[Dataset records]
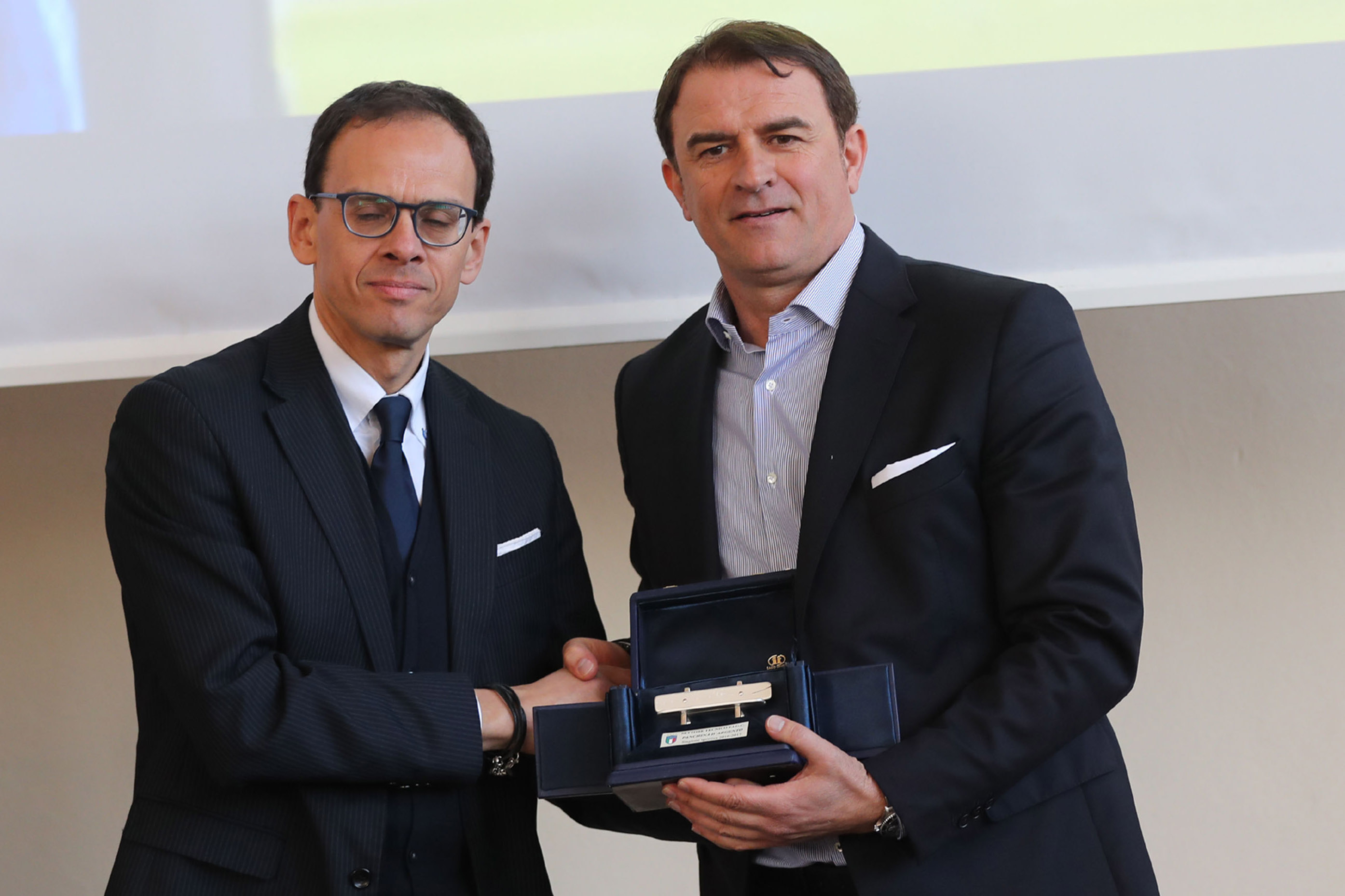 FLORENCE, ITALY - MARCH 26: Leonardo Semplici manager of SPAL receives the "Silver Bench" award during the Italian Football Federation 'Panchine D'Oro E D'Argento' Prize at Coverciano on March 26, 2018 in Florence, Italy. (Photo by Gabriele Maltinti/Getty Images)
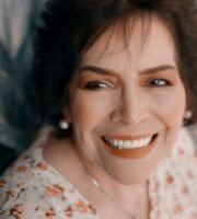 A family of five stands together posing for a photo with a rocky coastal background. The family consists of two adults and three children dressed in formal attire, standing on a cliff with waves crashing against the rocks behind them.
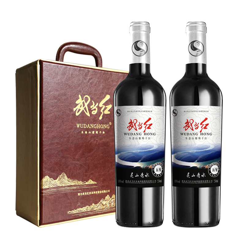 · 商品名称:【武当红】灵山秀水—五星(两支+皮盒) 武当红生态山葡萄酒灵山秀水系列750ml*2皮质礼盒
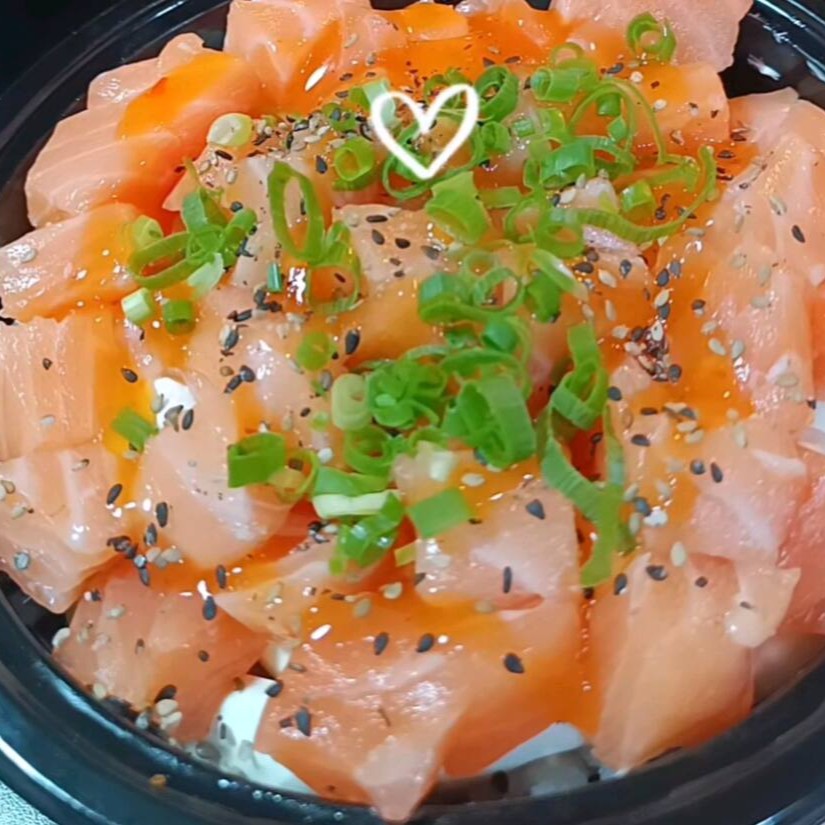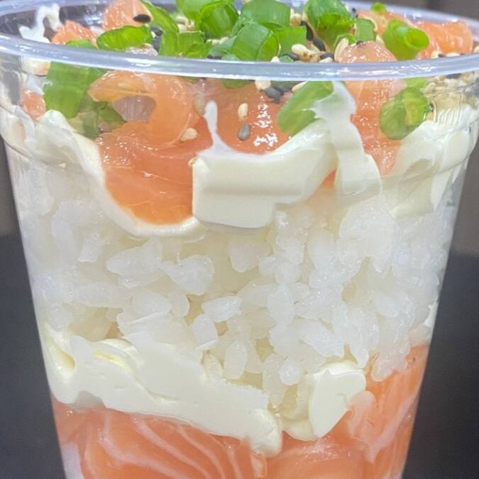 Arroz, salmão , cream cheese,geleia de pimenta e cebolinha.
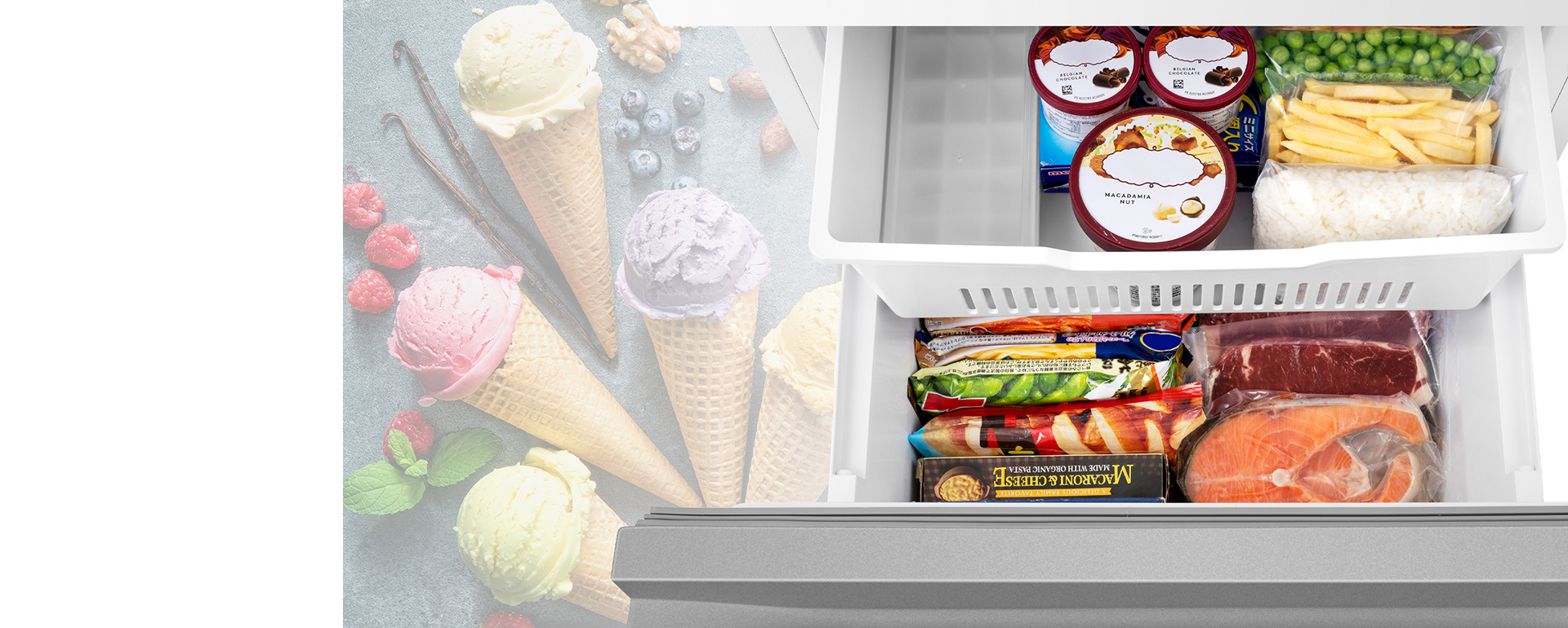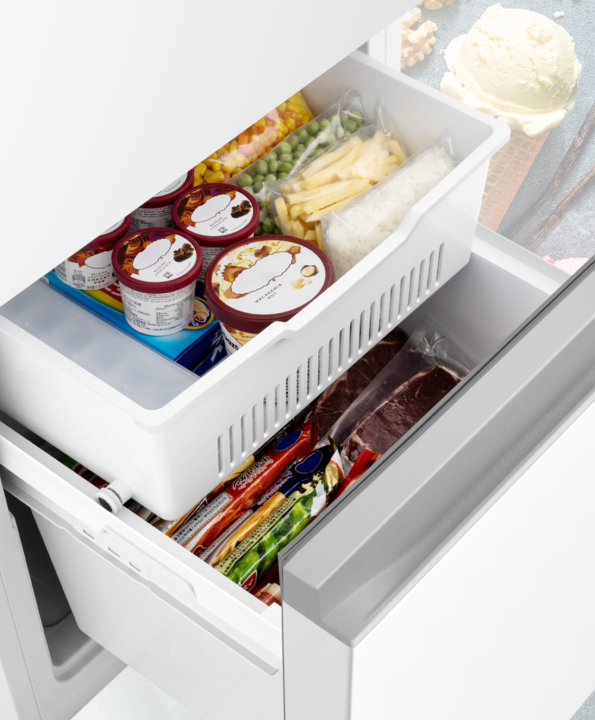 まとめ買いした時や大きな食材を購入しても安心の83L※大容量冷凍室。出し入れしやすい2段式収納はアイスクリームや冷凍食品を見やすく整理をして収納ができます。

*Task brief:*
The answer should be the records above, unchanged, with the pictures omitted.

*Task output:*
 FLORENCE, ITALY - MARCH 26: Leonardo Semplici manager of SPAL receives the "Silver Bench" award during the Italian Football Federation 'Panchine D'Oro E D'Argento' Prize at Coverciano on March 26, 2018 in Florence, Italy. (Photo by Gabriele Maltinti/Getty Images)
 A family of five stands together posing for a photo with a rocky coastal background. The family consists of two adults and three children dressed in formal attire, standing on a cliff with waves crashing against the rocks behind them.
 · 商品名称:【武当红】灵山秀水—五星(两支+皮盒) 武当红生态山葡萄酒灵山秀水系列750ml*2皮质礼盒
 Arroz, salmão , cream cheese,geleia de pimenta e cebolinha.
 まとめ買いした時や大きな食材を購入しても安心の83L※大容量冷凍室。出し入れしやすい2段式収納はアイスクリームや冷凍食品を見やすく整理をして収納ができます。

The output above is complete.